■ Information:
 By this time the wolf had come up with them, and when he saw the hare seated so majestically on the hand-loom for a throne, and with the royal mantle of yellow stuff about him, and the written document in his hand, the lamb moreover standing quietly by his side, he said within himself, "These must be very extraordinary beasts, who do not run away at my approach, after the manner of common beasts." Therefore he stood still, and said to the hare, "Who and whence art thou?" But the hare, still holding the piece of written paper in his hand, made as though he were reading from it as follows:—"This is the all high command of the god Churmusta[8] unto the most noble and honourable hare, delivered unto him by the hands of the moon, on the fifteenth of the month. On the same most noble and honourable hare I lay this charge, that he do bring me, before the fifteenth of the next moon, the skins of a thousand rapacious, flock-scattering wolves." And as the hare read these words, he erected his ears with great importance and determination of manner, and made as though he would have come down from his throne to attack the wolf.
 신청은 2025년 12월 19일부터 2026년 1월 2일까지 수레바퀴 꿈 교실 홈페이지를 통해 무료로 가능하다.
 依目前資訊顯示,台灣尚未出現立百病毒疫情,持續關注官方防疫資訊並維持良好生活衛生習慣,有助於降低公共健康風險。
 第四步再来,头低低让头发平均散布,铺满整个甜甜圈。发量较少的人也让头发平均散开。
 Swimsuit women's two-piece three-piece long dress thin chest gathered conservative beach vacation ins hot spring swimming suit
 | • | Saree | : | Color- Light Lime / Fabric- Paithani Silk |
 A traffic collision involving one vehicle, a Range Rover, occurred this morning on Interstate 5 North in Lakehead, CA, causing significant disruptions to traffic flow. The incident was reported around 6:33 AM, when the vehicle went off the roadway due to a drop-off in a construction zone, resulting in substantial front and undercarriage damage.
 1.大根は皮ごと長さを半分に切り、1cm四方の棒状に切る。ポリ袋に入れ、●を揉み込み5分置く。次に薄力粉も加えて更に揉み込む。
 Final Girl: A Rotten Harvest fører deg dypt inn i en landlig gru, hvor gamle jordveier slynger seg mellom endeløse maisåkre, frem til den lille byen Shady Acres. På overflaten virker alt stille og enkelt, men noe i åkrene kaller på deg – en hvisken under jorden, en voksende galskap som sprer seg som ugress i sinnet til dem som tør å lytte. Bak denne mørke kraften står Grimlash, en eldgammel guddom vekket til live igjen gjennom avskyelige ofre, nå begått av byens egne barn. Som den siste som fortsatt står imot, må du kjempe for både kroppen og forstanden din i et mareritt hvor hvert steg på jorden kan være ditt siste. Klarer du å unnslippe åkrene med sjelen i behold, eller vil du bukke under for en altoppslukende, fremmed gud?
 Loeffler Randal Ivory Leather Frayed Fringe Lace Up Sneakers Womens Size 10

■ Task details:
Print exactly the lines from the one with "第四步再来,头低低让头发平均" through the end of the data, inclusive.

■ Answer for this exercise:
 第四步再来,头低低让头发平均散布,铺满整个甜甜圈。发量较少的人也让头发平均散开。
 Swimsuit women's two-piece three-piece long dress thin chest gathered conservative beach vacation ins hot spring swimming suit
 | • | Saree | : | Color- Light Lime / Fabric- Paithani Silk |
 A traffic collision involving one vehicle, a Range Rover, occurred this morning on Interstate 5 North in Lakehead, CA, causing significant disruptions to traffic flow. The incident was reported around 6:33 AM, when the vehicle went off the roadway due to a drop-off in a construction zone, resulting in substantial front and undercarriage damage.
 1.大根は皮ごと長さを半分に切り、1cm四方の棒状に切る。ポリ袋に入れ、●を揉み込み5分置く。次に薄力粉も加えて更に揉み込む。
 Final Girl: A Rotten Harvest fører deg dypt inn i en landlig gru, hvor gamle jordveier slynger seg mellom endeløse maisåkre, frem til den lille byen Shady Acres. På overflaten virker alt stille og enkelt, men noe i åkrene kaller på deg – en hvisken under jorden, en voksende galskap som sprer seg som ugress i sinnet til dem som tør å lytte. Bak denne mørke kraften står Grimlash, en eldgammel guddom vekket til live igjen gjennom avskyelige ofre, nå begått av byens egne barn. Som den siste som fortsatt står imot, må du kjempe for både kroppen og forstanden din i et mareritt hvor hvert steg på jorden kan være ditt siste. Klarer du å unnslippe åkrene med sjelen i behold, eller vil du bukke under for en altoppslukende, fremmed gud?
 Loeffler Randal Ivory Leather Frayed Fringe Lace Up Sneakers Womens Size 10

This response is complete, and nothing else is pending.